Tony was used, by now, to be astonished by Hendron; yet he said: "I don't follow you, sir."
"We will defend the enclosure as long as we can, Tony," Hendron said. "But when they are in,-if they get in,-no one is to throw himself away fighting them uselessly. They must be delayed as long as they can be; but when they are in, we gather-all of us that are left, Tony-here."
"Here?"
"Inside this ship. Hadn't that occurred to you, Tony? Don't you see? Don't you see?"
Tony stared at his chief, and straightened, the blood of hope racing again hot within.

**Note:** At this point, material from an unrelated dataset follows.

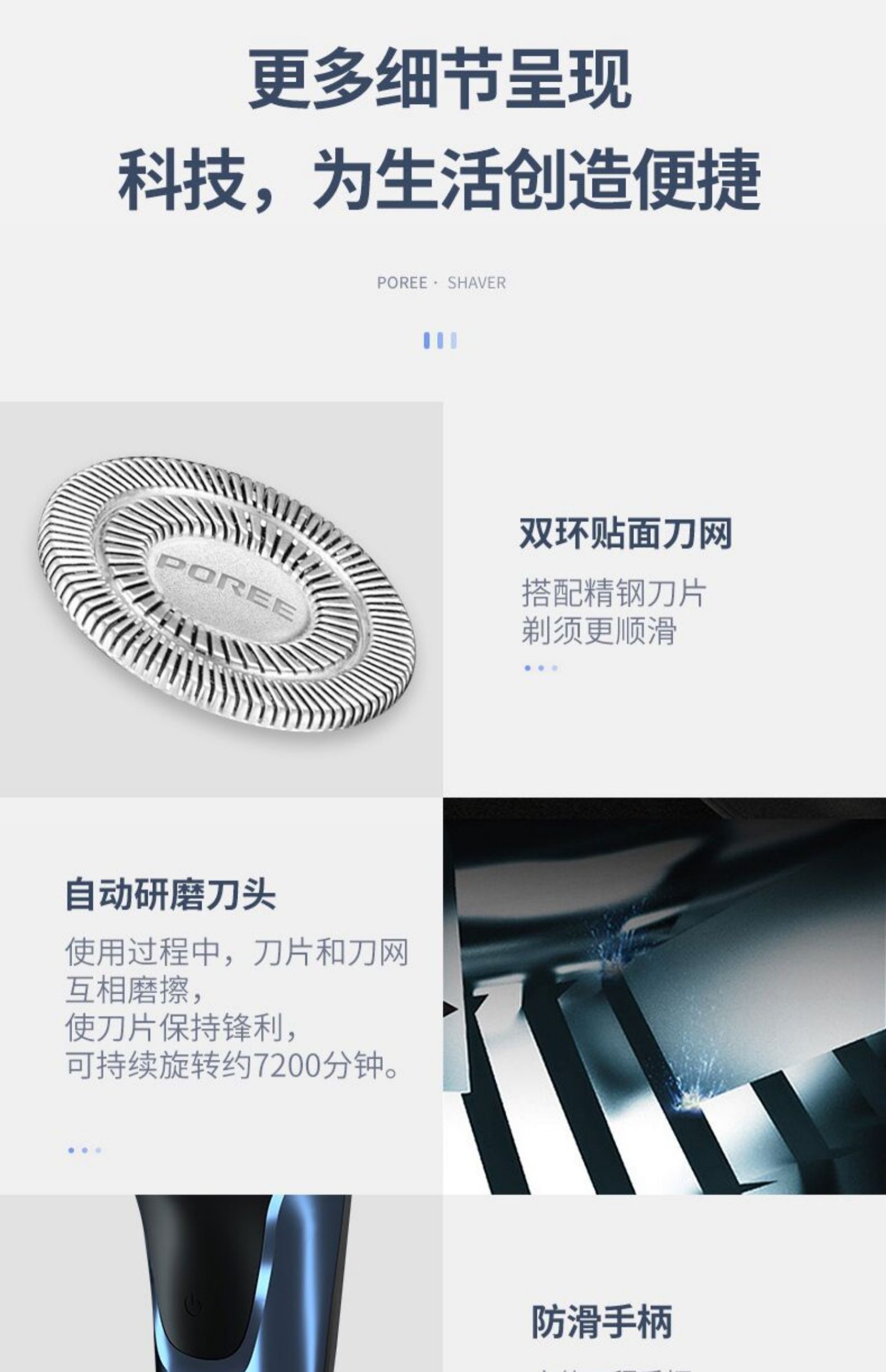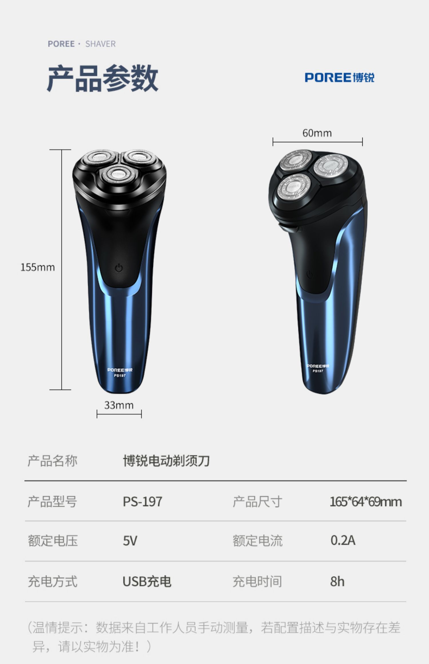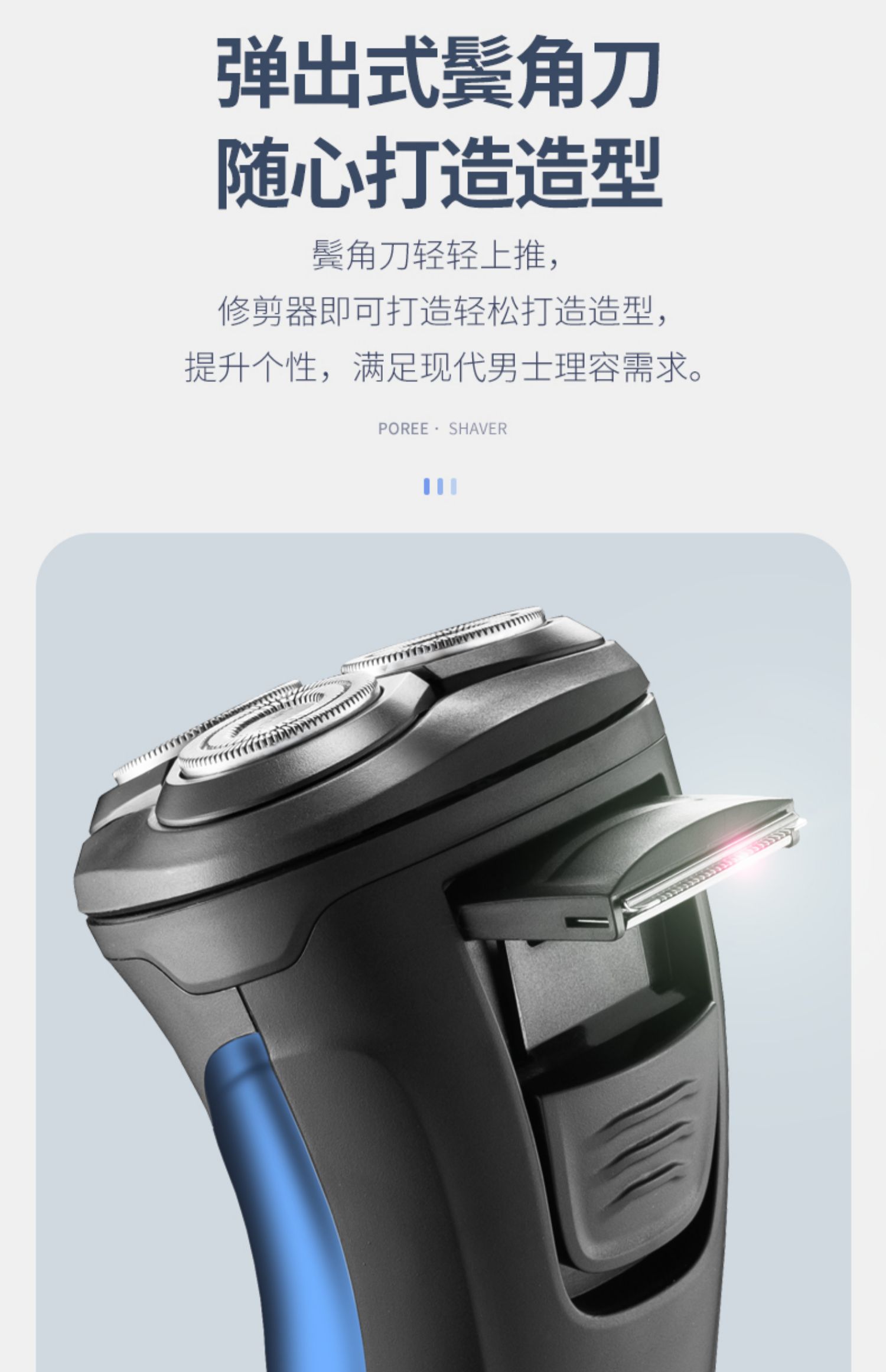 飞科博锐大牌!高颜值镜面机身,全身水洗,3头独立浮动,USB快速充电,液晶电量智能显示,舒适贴面,360度浮动贴面系统,轻松面对面部不同角落的胡须,支持全国2年联保

"Of course I see!" he almost shouted. "Of course I see!"
"Very well. Then issue cloths-white cloths, Tony; distribute them."
"Cloths?" repeated Tony, but before Hendron answered, he realized the reason.
"For arm-bands, Tony; so, in the dark, we will know our own."
"Yes, sir."
"No time to lose, Tony."
"No, sir. But-Eve is safe?"
"She is not hurt, I hear. You might see her for an instant. The women are tearing up bandages."
Tony found her, but not alone; she was in a room with twenty others, tearing white cloth into strips. At least, he saw for himself that she was not yet hurt; at least he had one word with her.
"Tony! Take care of yourself!"
"How about you, Eve?"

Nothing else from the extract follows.